**WORK TASK**: Reproduce each line of the following material exactly, omitting the images.

**SUPPLIED DATA**:
.....
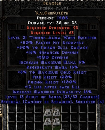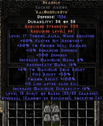 Bramble Sacred Armor - Ethereal - +50% PSD & 21 Thorns - Perfect
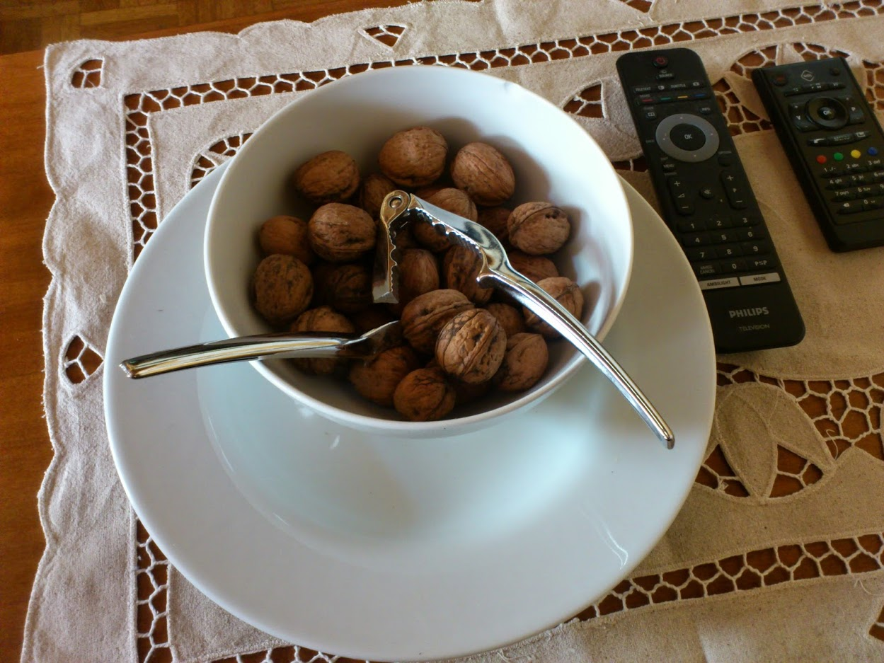 As I come back to my BnB John was away, everything was closed on a Sunday so I called him asking him if it was possible to bring me some food since I was starving and actually he was just queuing for take away food on his way back so he enhanced his order with my needs. How lucky can I be? Waiting and drooling I decided to try some of his walnuts when...yeah...they were a bit hard and I was a bit hard on them too:
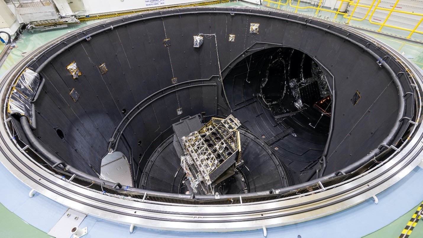 Le banc optique qui va accueillir les 26 caméras entre dans la chambre de test de l’ESTEC pour les tests de déformations thermo-élastiques. Crédits : ESA.
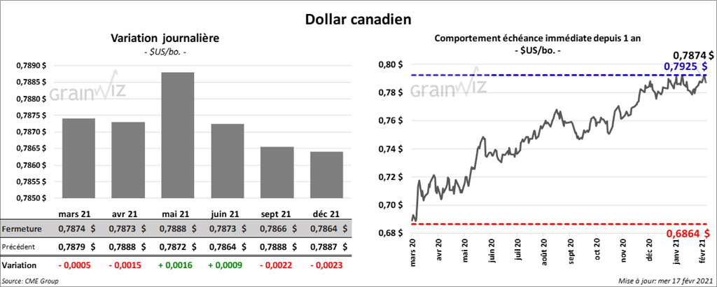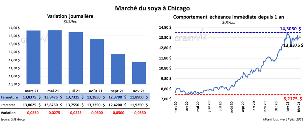 Les contrats de soya US aux échéances les plus rapprochées ont fini la journée en baisse entre 2 ¼ et 5 cents. Ceux de tourteau de soya US aux échéances les plus rapprochées ont fait l’inverse en clôturant avec des gains entre 2,30 et 3,30 $/tonne. Les contrats d’huile de soya US aux échéances les plus rapprochées ont terminé dans le rouge entre 44 et 50 points.
.....
**EXPECTED ANSWER**:
 Bramble Sacred Armor - Ethereal - +50% PSD & 21 Thorns - Perfect
 As I come back to my BnB John was away, everything was closed on a Sunday so I called him asking him if it was possible to bring me some food since I was starving and actually he was just queuing for take away food on his way back so he enhanced his order with my needs. How lucky can I be? Waiting and drooling I decided to try some of his walnuts when...yeah...they were a bit hard and I was a bit hard on them too:
 Le banc optique qui va accueillir les 26 caméras entre dans la chambre de test de l’ESTEC pour les tests de déformations thermo-élastiques. Crédits : ESA.
 Les contrats de soya US aux échéances les plus rapprochées ont fini la journée en baisse entre 2 ¼ et 5 cents. Ceux de tourteau de soya US aux échéances les plus rapprochées ont fait l’inverse en clôturant avec des gains entre 2,30 et 3,30 $/tonne. Les contrats d’huile de soya US aux échéances les plus rapprochées ont terminé dans le rouge entre 44 et 50 points.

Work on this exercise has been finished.